How could one eavesdrop on optical fibres then?

Well, first one has to peal-off the plastic cover of the optical fibre to expose the glass.

Second, simply bend the optical fibre to extract the light out of it and then apply a photodiode and turn light into electric current.

OR

Apply optical splitting. This method causes some disruption on the line, as the optical cable is split using a clip that cuts into the cable and attaches a second fibre cable, which transmits light from the main fibre to a device controlled by the attacker.

What are the possible countermeasures against FT?

The first method is to apply a fibre optic sensor and monitor attenuation along the fibre.

Attenuation in fibre optics, also known as transmission loss, is the reduction in intensity of the light beam (or signal) with respect to the distance travelled through a transmission medium.
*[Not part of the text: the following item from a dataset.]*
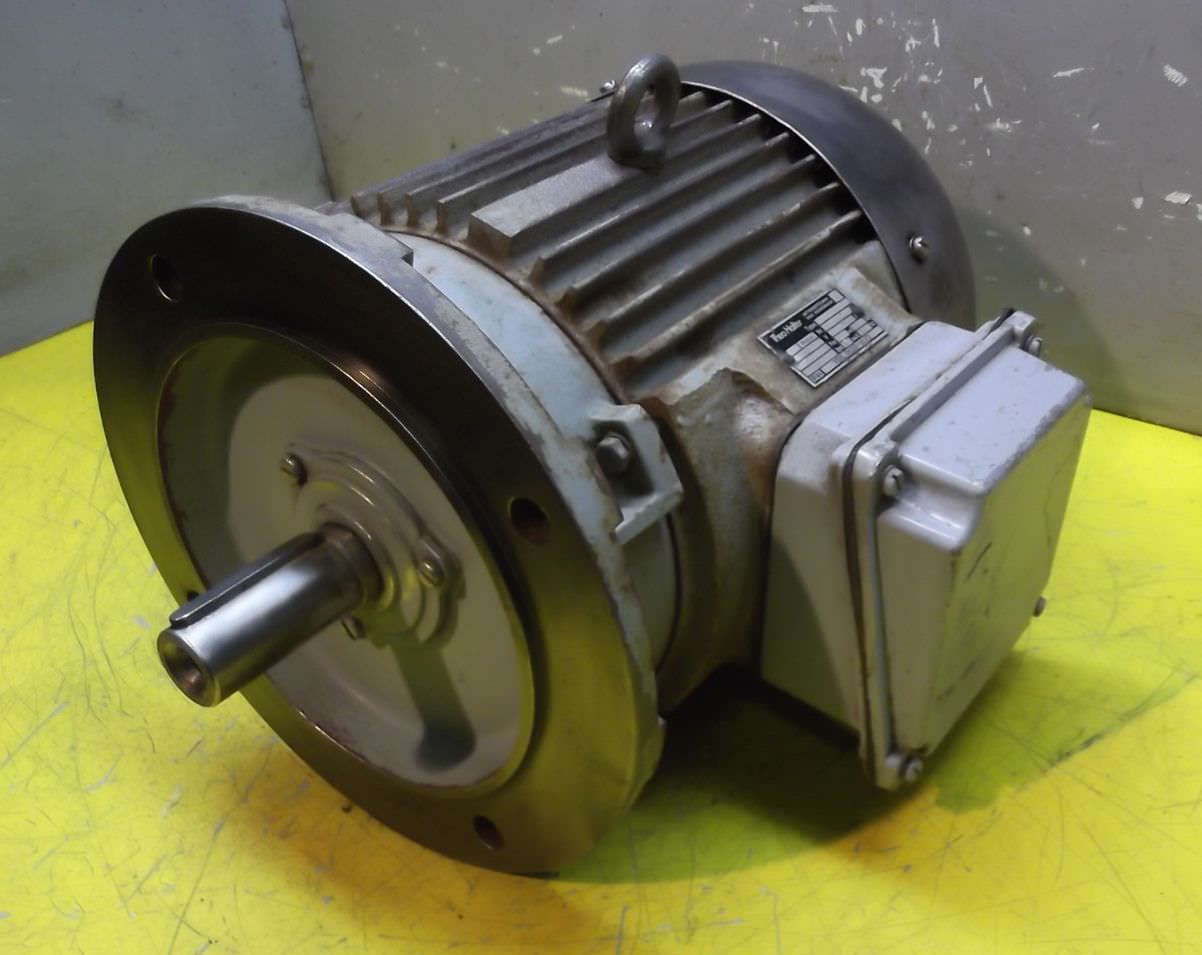 Three-phase motor, electric motor-Power: 7.5 kW-Speed: 2860 rpm-Shaft: Ø 32 mm-Construction: 1x B5 6x B3-Protection class: IP 44-Price: per piece-Number: 2x available-Dimensions: 450/250/H310 mm-Weight: 57 kg

Attenuation coefficients in fiber optics usually use units of dB/km through the medium due to the relatively high quality of transparency of modern optical transmission media. The medium is typically a fiber of silica glass that confines the incident light beam to the inside. Attenuation is an important factor limiting the transmission of a digital signal across large distances. Thus, much research has gone into both limiting the attenuation and maximizing the amplification of the optical signal. Empirical research has shown that attenuation in optical fibers is caused primarily by both scattering and absorption

Attenuation (denoted A, measured in dB) in fiber optics can be quantified using the following equation (W denotes Watts):

A (dB) = 10 X log 10 [Input Intensity (W) / Output Intensity (W)]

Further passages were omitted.